Cultura

quarta-feira, 22 de maio de 2013

As dificuldades da insignificância no Direito Penal brasileiro



Criado pelos romanos sob o conceito “minimus non curat praeter” (do que é mínimo os tribunais não cuidam) e inicialmente utilizado no âmbito do Direito privado, o princípio da insignificância ganha contornos de importância para o Direito Penal na década de 70, no bojo do funcionalismo moderado do alemão Claus Roxin.

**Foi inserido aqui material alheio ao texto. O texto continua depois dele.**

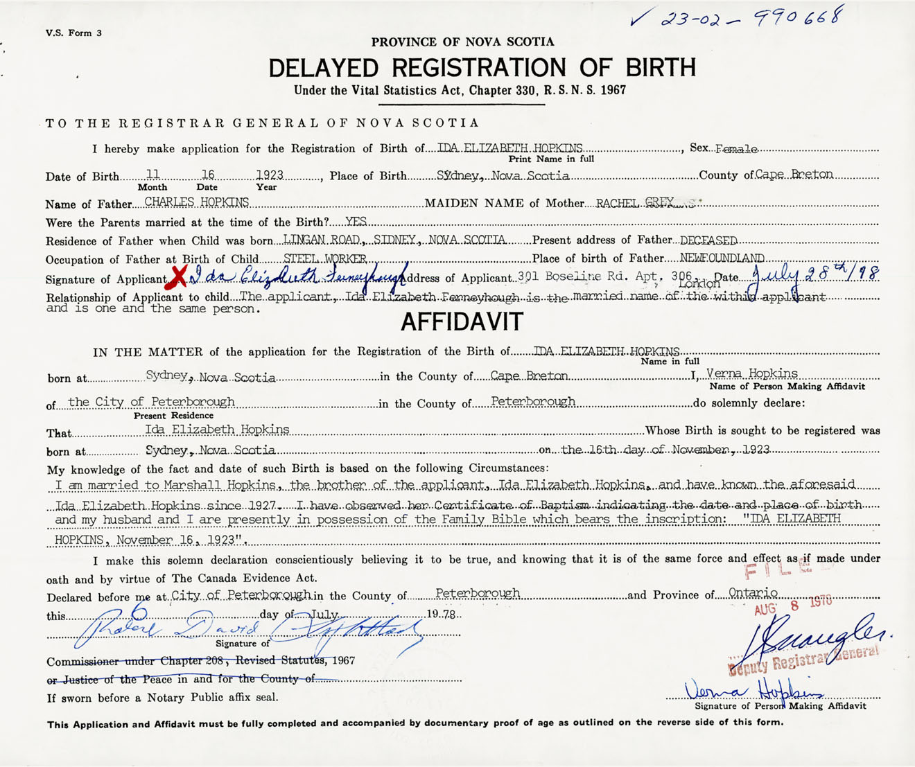 Signature of Applicant Ida Elizabeth Ferneyhough Address of Applicant 301 Baseline Road, Apt #306, London, Ontario Date 28 July 1978

Estreitando as relações entre o Direito Penal e a Política Criminal, Roxin rompe com o ceticismo causal de Von Liszt e sustenta a inviabilidade de separação entre as duas matérias, devendo, nessa esteira, o operador da lei fazer uma espécie de interpretação restritiva do tipo, reconhecendo, em determinadas circunstâncias, a bagatela excludente da responsabilidade penal, como tem admitido nossa Suprema Corte em inúmeros julgados.

Dessa forma, a ideia propalada atualmente, principalmente pelos funcionalistas, é a de que o Direito Penal não deve se ocupar de condutas incapazes de ofender, de forma relevante, o bem jurídico tutelado. Na modernidade, a preocupação, dentre outras coisas, precisa ser com a: a) proteção exclusiva do bem jurídico; b) preferência da atividade do jurista sobre a do legislador.

Quando o bem não precisa de proteção, não deve o Direito Penal se ocupar dele no caso concreto, mantendo-se nos parâmetros da intervenção mínima. Aqui, há um desapego à técnica jurídica que sucumbe face à falta de necessidade de atuação do Estado no exercício de seu jus puniendi. A lei, portanto, é apenas um ponto de partida, não necessariamente o ponto de chegada do intérprete.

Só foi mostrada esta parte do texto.